ACTIVITY » In the data below, begin at the line with "Grătar pe gaz" and stop after the line with "BPA8506D是一款集成了"; output those lines exactly and no pictures.
--- DATA EXTRACT ---
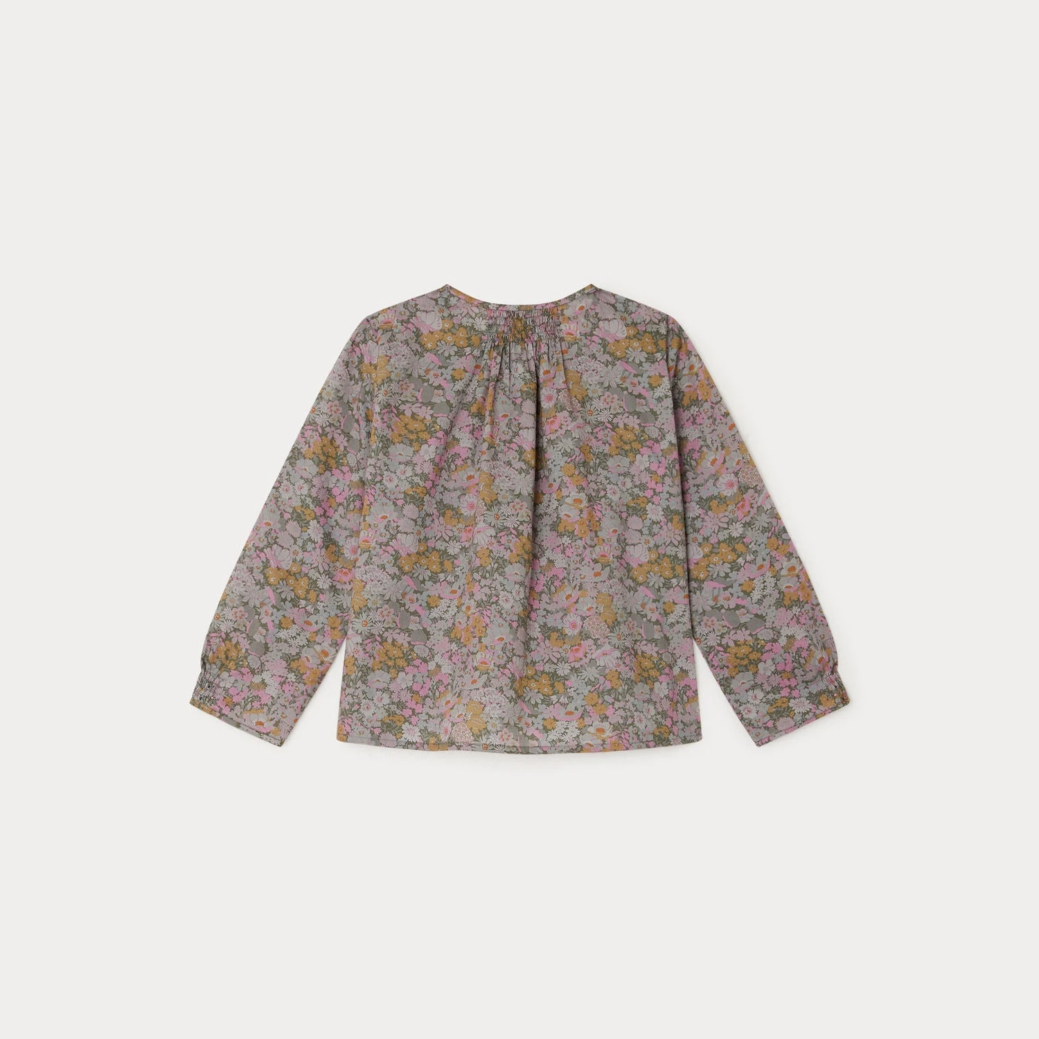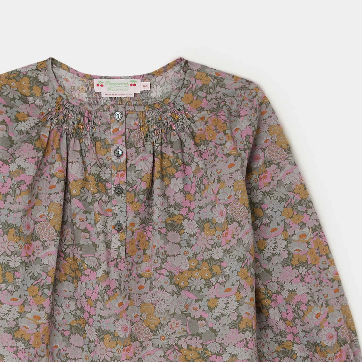 La blouse Biancarosa met de la tendresse dans la tenue des filles avec son tissu Liberty exclusif au joli imprimé floral. Les fronces sous le col sont assorties de broderies réalisées à la main.
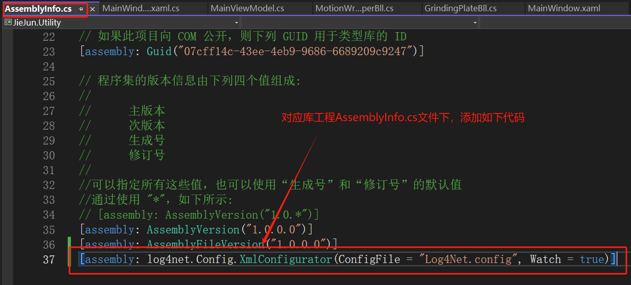 把XmlConfigurator.Configure(new FileInfo("Log4Net.config"));这行注释掉,在AssemblyInfo.cs文件中添加一行,如下:
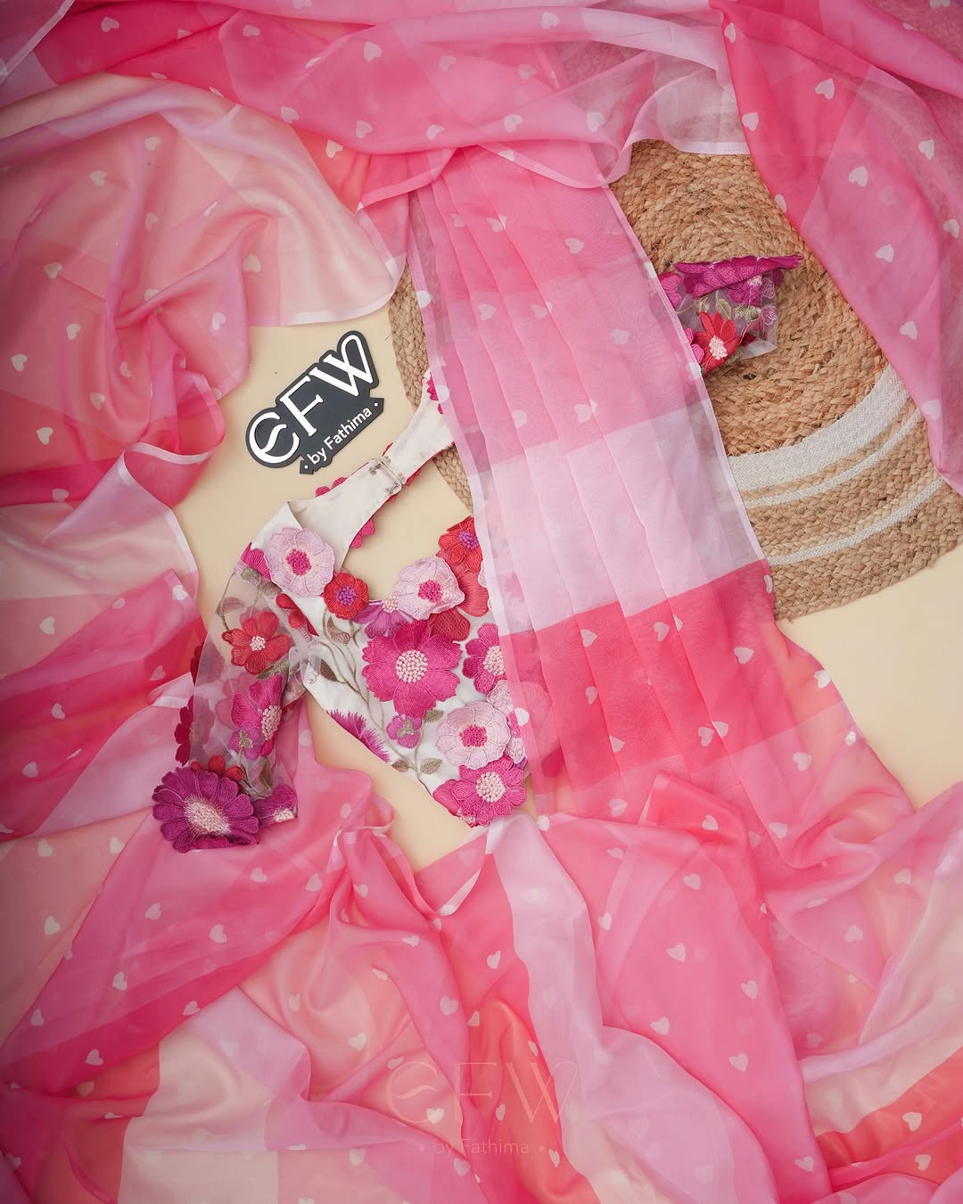 The Blossomia Heartbloom Saree Set is a dreamy celebration of romance, colour, and feminine charm. Crafted in a refreshing shade of bubblegum pink, the saree flows gently with soft translucent layers patterned with delicate white heart motifs — adding a playful, youthful touch to its drape. Lightweight and airy, it creates a whimsical silhouette that feels perfect for daytime festivities or cheerful celebrations.
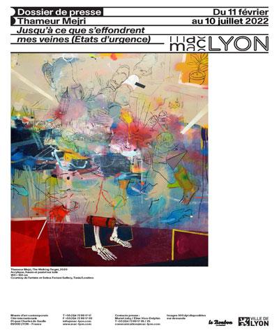 Au travers de dessins, de vastes compositions sur toiles tendues ou flottantes et de peintures murales, les œuvres de Thameur Mejri remettent en question les notions d'humanisme et de construction de l'être humain à l'échelle de la société, en représentant plusieurs paradoxes qui émergent de ces pratiques politiques et culturelles.
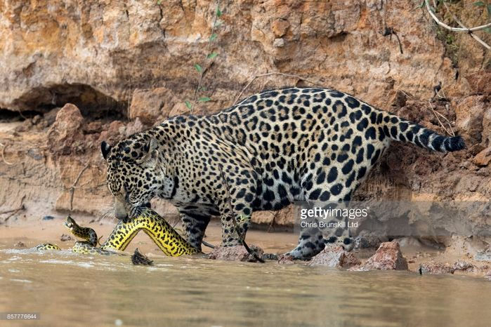 Có vẻ như báo đốm đã đuổi theo con trăn Nam Mỹ, để rồi một cuộc chiến cam go đã nổ ra giữa hai "hung thần rừng già". Không bỏ qua cơ hội bắt được cảnh ngàn vàng giữa thế giới thiên nhiên,Brunskill đã ghi lại cảnh hai con vật đánh nhau suốt 90 giây. "Điều kiện ánh sáng khá tốt, con sông yên bình, dòng chảy chậm, và cuộc chiến giữa báo và trănchỉ cách thuyền của tôi vài mét", Brunskill nói.
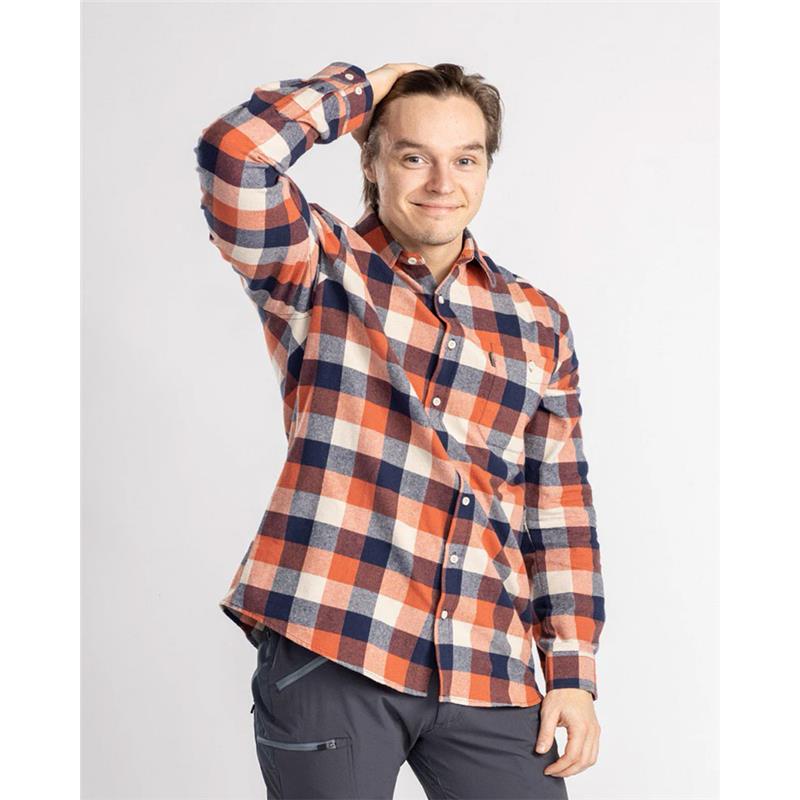 Comfortable and soft flannel shirt in limited edition, entirely made from recycled polyester and fabric scraps. The Pinewood flannel shirt is made from 100% recycled fabric scraps. By using fabric scraps from overproduction, we valorize resources instead of throwing or burning them. This allows us to combine exceptional quality with a product more respectful of the planet. The shirt is buttoned on the front, at the wrists and at the chest pocket, giving it a neat finish.
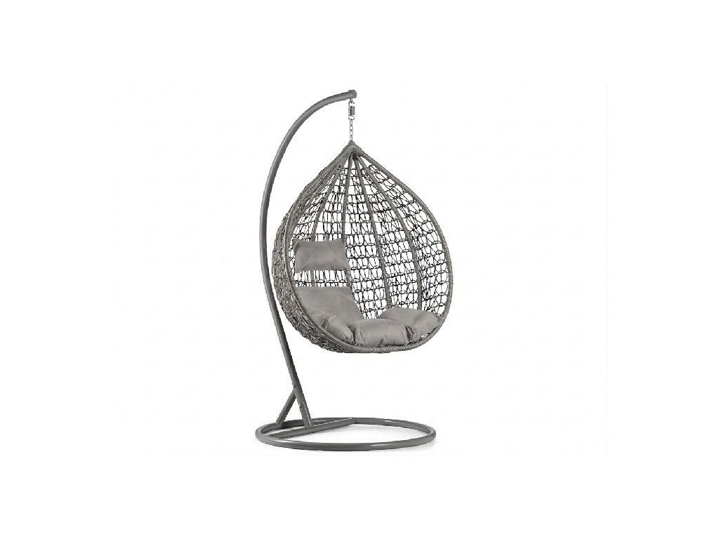 Šedé závěsné křeslo KOKON se stojanem, světlý polštář
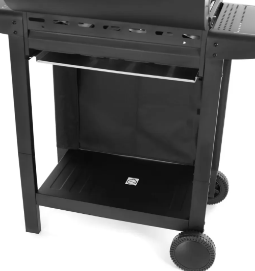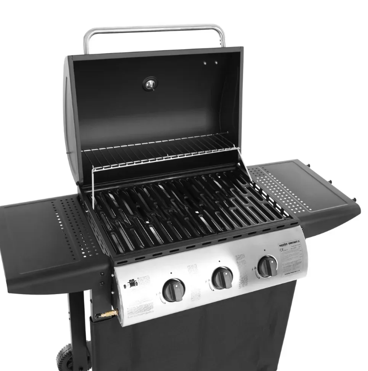 Grătar pe gaz cu propan-butan. 3 arzătoare principale, putere totală 8,4 kW. Dimensiunile totale ale suprafeței de grătar sunt 61 x 41 cm. Cu capacul închis, grătarul are 101 cm înălțime, 98,6 cm lungime și 48 cm lățime.
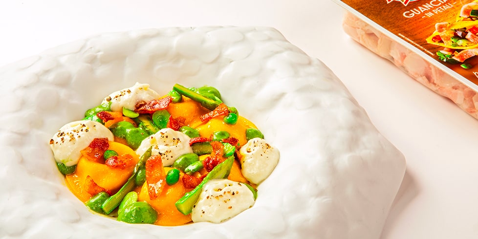 Immancabili le uova, il Pecorino e ovviamente i Petali di guanciale Negroni, a questi ingredienti vanno ad aggiungersi anche i piselli e le fave: il mix è esplosivo, i colori del piatto originali, il gusto irresistibile.
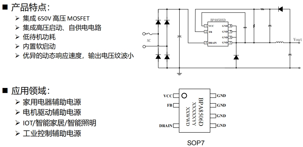 BPA8506D是一款集成了650V高壓MOSFET的高性能電源管理芯片,專為滿足家用電器、電機驅動、物聯網設備以及工業(yè)控制等領域的輔助電源需求而設計。它不僅具備高壓啟動和自供電功能,還實現了低待機功耗、優(yōu)異的動態(tài)響應速度以及低輸出電壓紋波等特性,極大地提升了電源系統的整體性能。
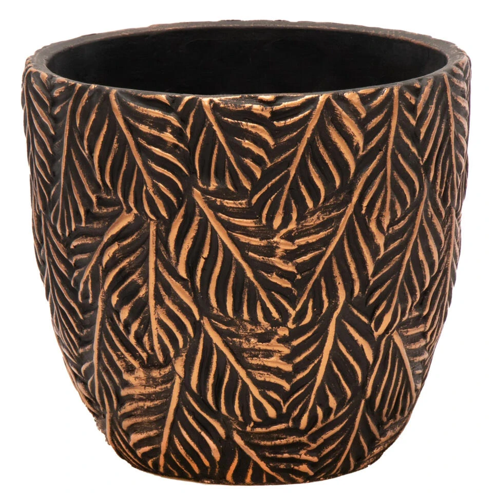 Plantenpot/bloempot in de kleur antraciet grijs/brons met aan de buitenzijde een print van bladmotief gemaakt van keramiek. De prachtige bloempot uit de Adana Egg serie is een verrijking voor uw interieur. Afmetingen: Diameter 22.5 cm en Hoogte 21 cm. De pot is voor binnengebruik.
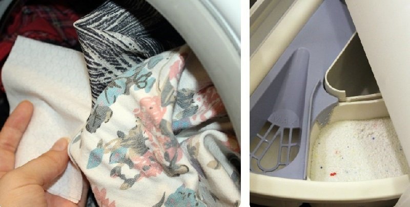 El principio de uso es simple: coloca una servilleta en el tanque de la lavadora cuando cargues la ropa. Uno, si la ropa es ligera, dos, si es de color, y tres, si algo se desvanece definitivamente. Luego selecciona el programa deseado, si te quedas dormido con el detergente, como de costumbre, solo espera…
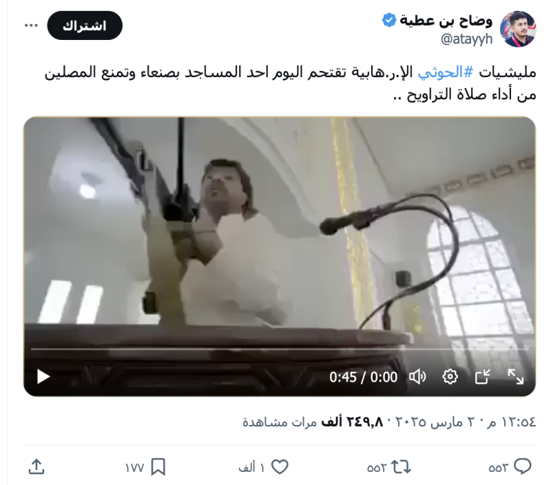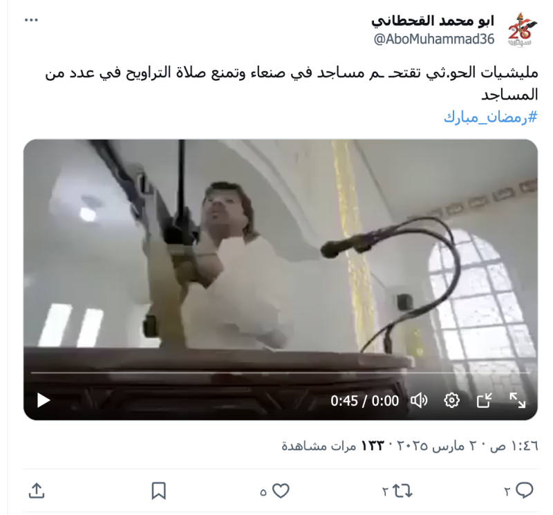 تداولت حسابات على منصة التواصل الاجتماعي إكس مقطع فيديو، مدعية أنه يظهراقتحام جماعة الحوثيين اليوم الأحد الموافق ٢ رمضان مسجد في العاصمة صنعاء ومنع صلاة التراويح فيه بالقوة
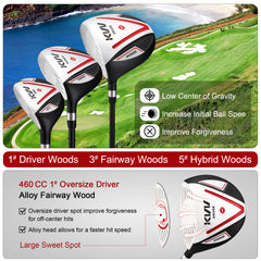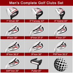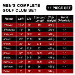 - Men's 11-Piece Complete Golf Clubs Set: The set comes with a 1# driver, a 3# fairway wood, a 5# hybrid, and irons ranging from 5# to P#, along with a putter. This awesome set is specially designed for left-handed male golfers and is an outstanding choice.
---
SOLVED PROBLEM »
 Grătar pe gaz cu propan-butan. 3 arzătoare principale, putere totală 8,4 kW. Dimensiunile totale ale suprafeței de grătar sunt 61 x 41 cm. Cu capacul închis, grătarul are 101 cm înălțime, 98,6 cm lungime și 48 cm lățime.
 Immancabili le uova, il Pecorino e ovviamente i Petali di guanciale Negroni, a questi ingredienti vanno ad aggiungersi anche i piselli e le fave: il mix è esplosivo, i colori del piatto originali, il gusto irresistibile.
 BPA8506D是一款集成了650V高壓MOSFET的高性能電源管理芯片,專為滿足家用電器、電機驅動、物聯網設備以及工業(yè)控制等領域的輔助電源需求而設計。它不僅具備高壓啟動和自供電功能,還實現了低待機功耗、優(yōu)異的動態(tài)響應速度以及低輸出電壓紋波等特性,極大地提升了電源系統的整體性能。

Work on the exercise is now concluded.